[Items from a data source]

---

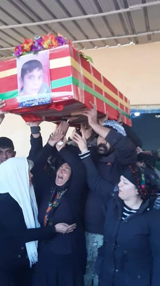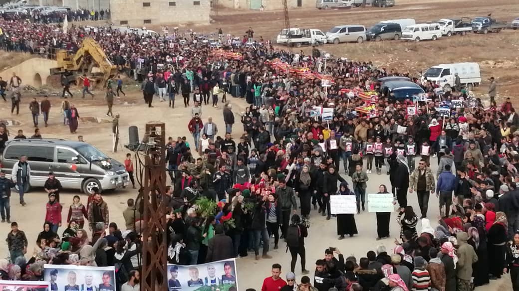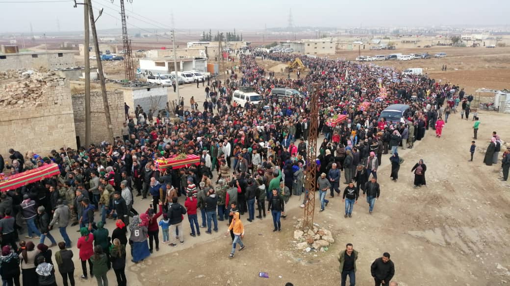 TİL RİFAT- İşgalci Türk devleti ve çetelerinin 2 Aralık Pazartesi günü Şehba’ya bağlı Til Rifat ilçesinde okul bahçesini bombardımana tutarak 8’i çocuk 10 kişiyi katletmişti. Bugün Şehba’ya bağlı Fafin İlçesinde bulunan yüzlerce yurttaş, şehitlerin resimleri eşliğinde katliam şehitleri son yolculuklarına uğurlanacak.
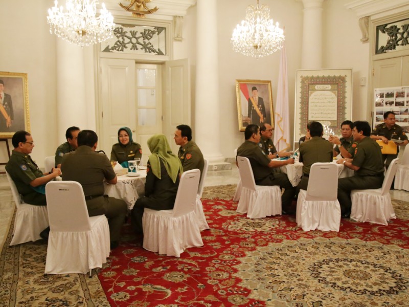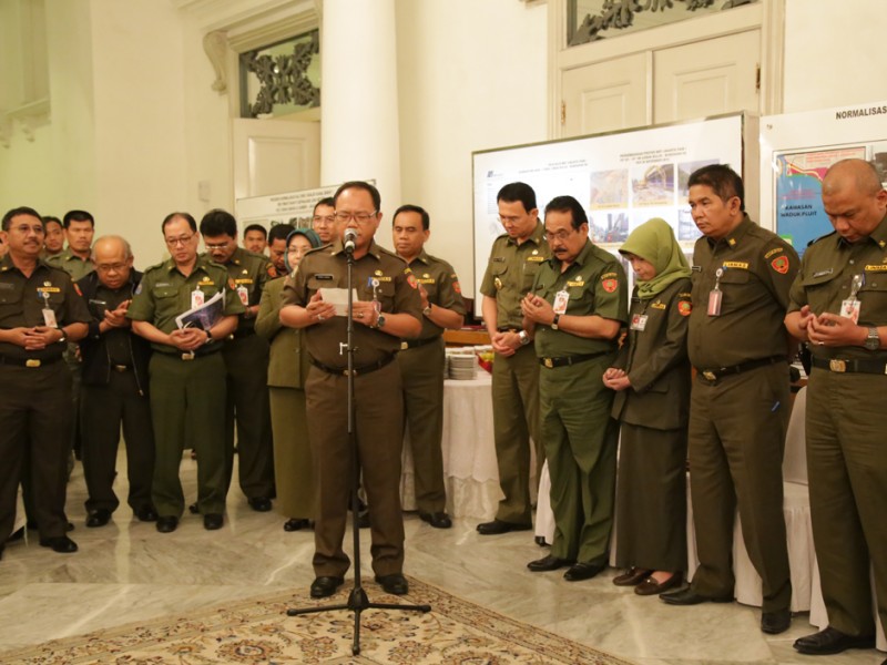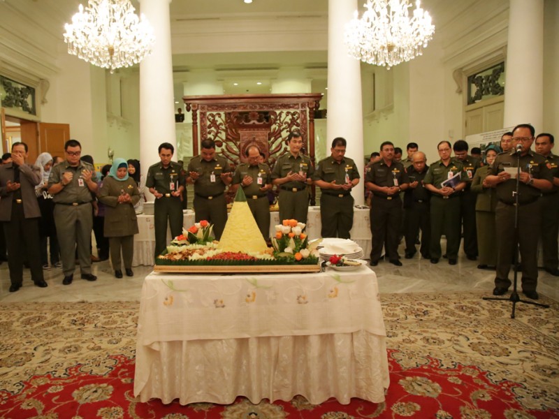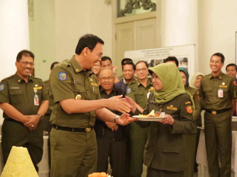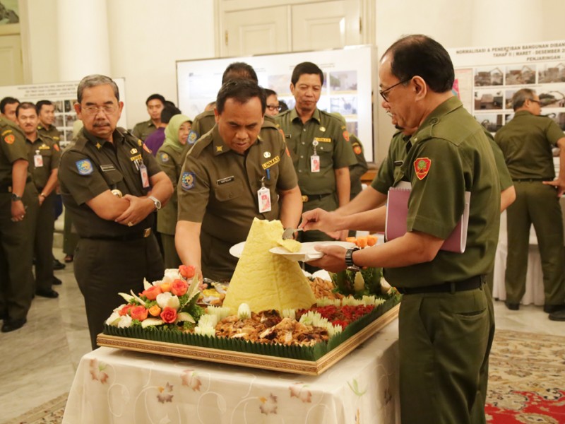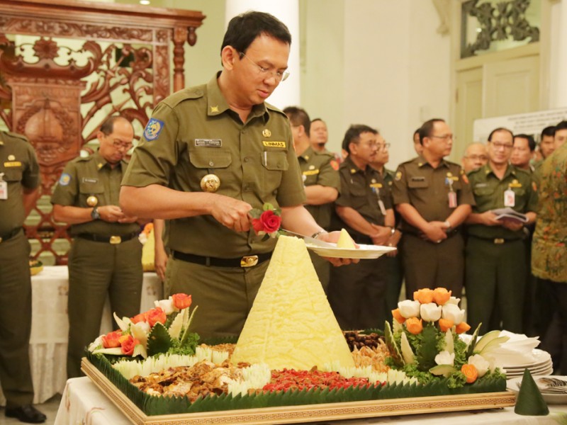 Gubernur DKI Jakarta, Basuki Tjahaja Purnama berserta segenap jajaran Kepala Satuan Kerja Perangkat Daerah (SKPD) menggelar acara Potong Tumpeng di Balai Kota DKI Jakarta, Senin (28/12/2015). Potong Tumpeng ini sebagai wujud rasa syukur atas karunia Sang Pencipta di tahun 2015 dan harapan agar tahun 2016 mendatang warga Jakarta semakin sejahtera. (Foto: Yopie/beritajakarta.com)
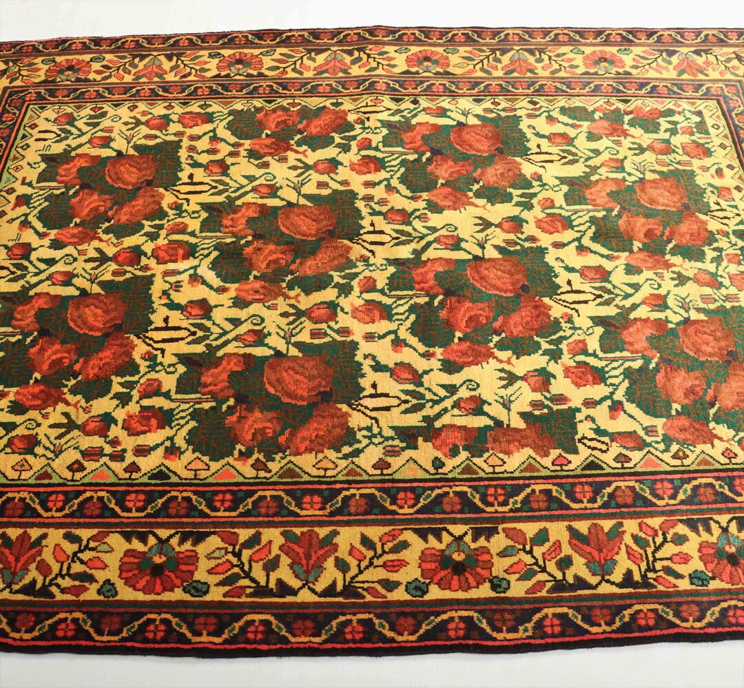 A snapshot of history, this full-pile “Gol Farang” Afshar rug from the early 20th century merges Western and Eastern culture. It features Western motifs, stylized roses, on an unmistakable Afshar field and border. This unique rug captures a period when Western demand influenced rug production in a distinct way. The lovely and unique square shape adds to its allure.
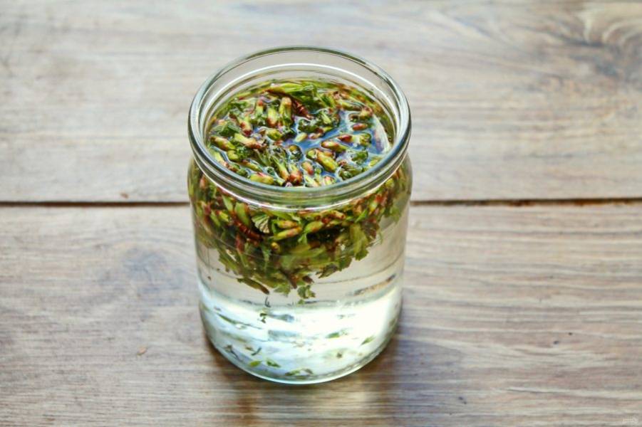 В чистую банку выложите почки смородины и залейте водкой.
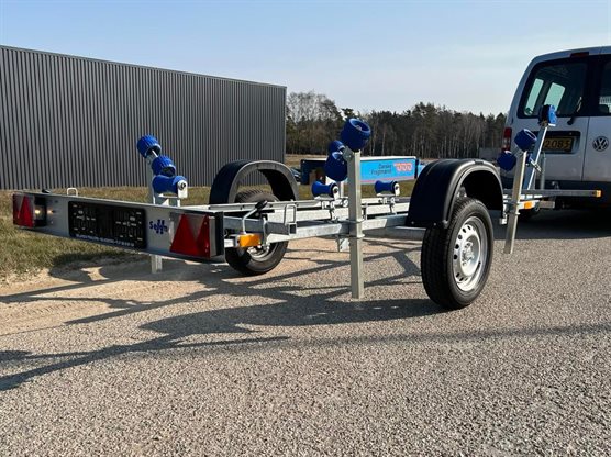 | Bemærk indregistrering af trailer koster 790 kr. inkl. moms. Fin bådtrailer fremstillet i galvaniseret stål, til transport af både på op til 17 fod (5,20 m). Bådtraileren har som standardudstyr 4 justerbare dobbelte sideruller og 3 kølruller. Desuden har traileren som standard kraftigt håndspil med bånd, stævnstøtte, glidende trækstang, så trailerens rammelængde kan justeres samt aftagelig lygteramme.
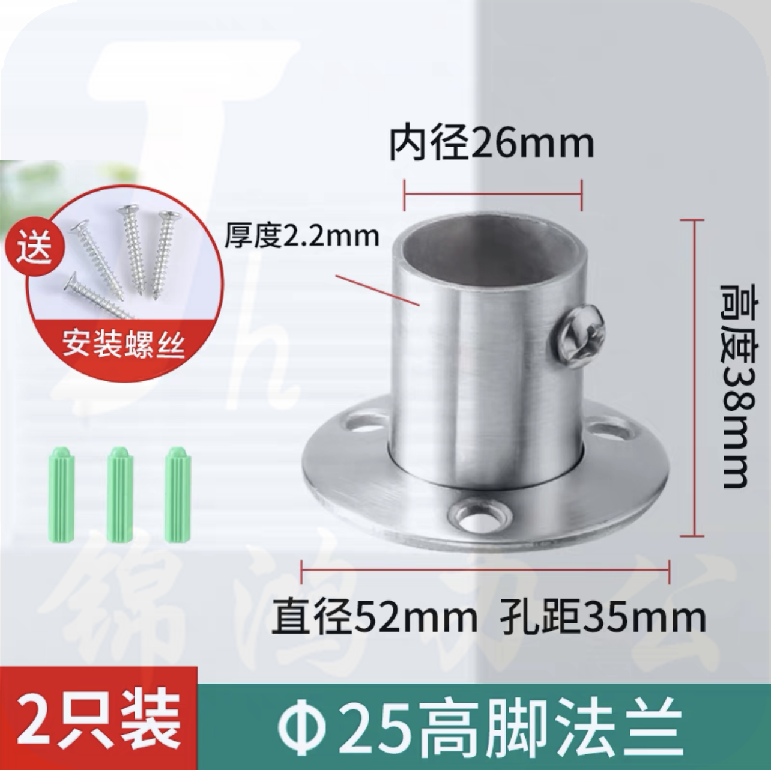 加厚挂衣杆配件 衣杆托底座法兰座 25高脚法兰座 2个 货号:JC
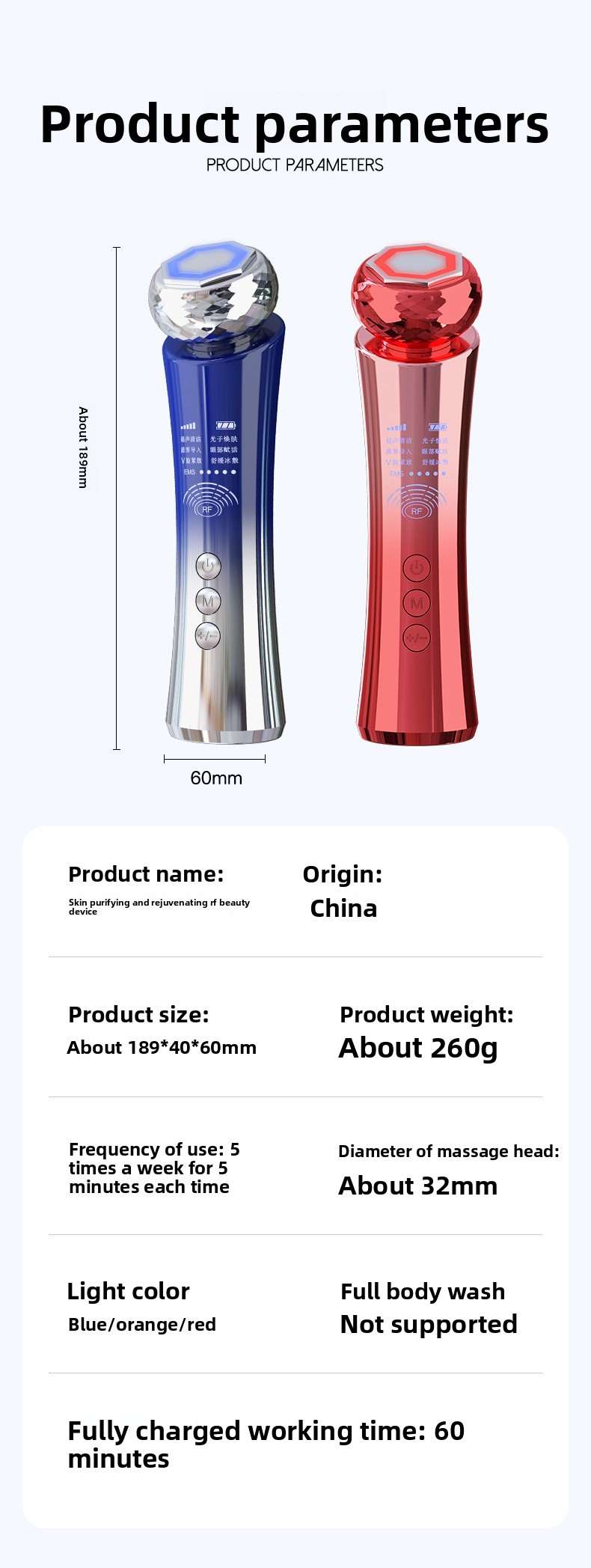 Functions: Massage, Skin Rejuvenation, Colored Light Therapy

---

- **Work required**
Extract, character for character, every line from the one that holds "В чистую банку" through the end of the entries above. Include both boundary lines and no pictures.

- **Response to the exercise**
 В чистую банку выложите почки смородины и залейте водкой.
 | Bemærk indregistrering af trailer koster 790 kr. inkl. moms. Fin bådtrailer fremstillet i galvaniseret stål, til transport af både på op til 17 fod (5,20 m). Bådtraileren har som standardudstyr 4 justerbare dobbelte sideruller og 3 kølruller. Desuden har traileren som standard kraftigt håndspil med bånd, stævnstøtte, glidende trækstang, så trailerens rammelængde kan justeres samt aftagelig lygteramme.
 加厚挂衣杆配件 衣杆托底座法兰座 25高脚法兰座 2个 货号:JC
 Functions: Massage, Skin Rejuvenation, Colored Light Therapy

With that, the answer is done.